By blocking the virus's entry into human cells, reducing viral load and triggering the immune system to fight off the infection, monoclonal antibodies can help reduce the severity of COVID-19. The class 1 and 2 mAbs, now commonly used against COVID-19, are highly potent and can neutralize a specific variant of the virus by targeting the receptor-binding domain of the SARS-CoV-2 spike protein. Nevertheless, the virus can sometimes manage to outmaneuver such therapies.
One way SARS-CoV-2 can accomplish this is by modifying the spike protein’s ACE2 receptor-binding domain through mutation. The effect of these alterations may be to increase or decrease infectivity. They may also affect the severity of the disease caused by the virus, or the virus’s ability to evade the immune system.
This is where the monoclonal antibody described in the new study comes in. Rather than binding with the ACE2 receptor-binding domain, the novel class 4 monoclonal antibodies target a site that is distant from the ACE2 binding domain yet can effectively neutralize multiple variants of concern, including Omicron variants.

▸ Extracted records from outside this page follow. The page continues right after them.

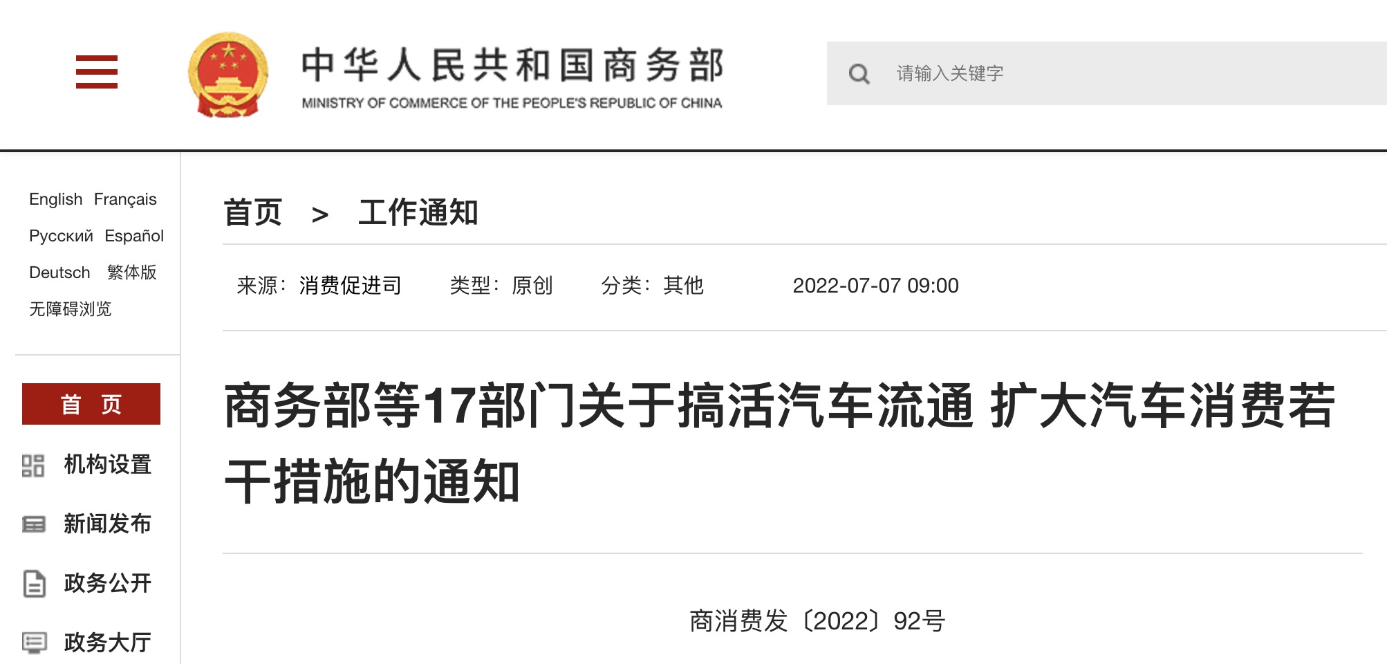 商消費發(fā)〔2022〕92號各省、自治區(qū)、直轄市人民政府,新疆生產(chǎn)建設兵團:汽車業(yè)是國民經(jīng)濟的戰(zhàn)略性、支柱性產(chǎn)業(yè)。為進一步搞活汽車流通,擴大汽車消費,助力穩(wěn)定經(jīng)濟...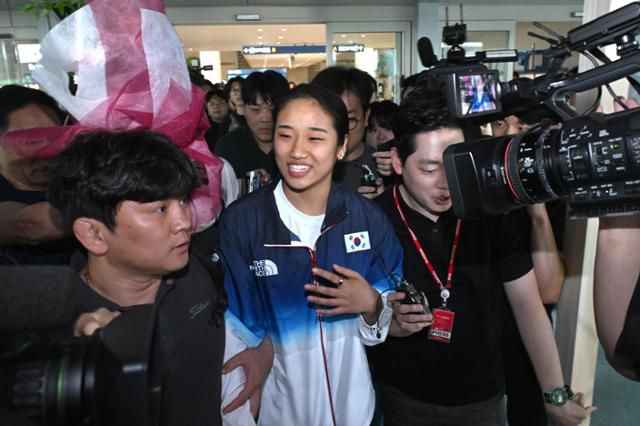 2024 파리올림픽 배드민턴 여자 단식 금메달리스트 안세영이 7일 인천국제공항을 통해 귀국하고 있다. 뉴시스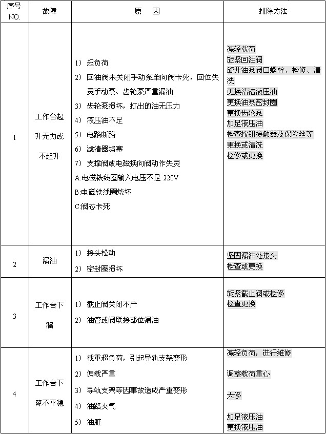 2、貨梯在使用前要認真檢查液壓、電器系統無滲漏或裸露現象後方可使用。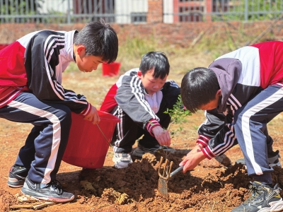 株洲八达小学师生开展义务植绿护绿实践活动,用实际行动表达对植物的尊重。 张荣/摄 |

This innovation provides an important advantage. Because the binding domain targeted by the new monoclonal antibody treatment is not under strong selective pressure, it is mutation resistant, compared with ACE2, making it much harder for the virus to outwit the therapy.
Power in plants
The study highlights the potential of synergizing antibody cocktails with the addition of monoclonal antibodies that do not directly hinder ACE2 binding to the receptor-binding domain. The study also underscores the potential of plant-based monoclonal antibody expression platforms in therapeutic development against the ever-evolving SARS-CoV-2 pandemic.
Plant-made COVID-19 therapies have several advantages over other production platforms. Plants can produce large quantities of therapeutic proteins in a relatively short amount of time, making them ideal for scaling up production. They are inexpensive to grow and maintain, making them a cost-effective alternative to traditional protein expression systems. Because plants are not natural hosts for human pathogens, their use reduces the risk of contamination with infectious agents.
Finally, plant-based expression systems can be rapidly reprogrammed to produce new therapeutics in response to emerging pathogens such as SARS-CoV-2, making them an attractive option for pandemic response.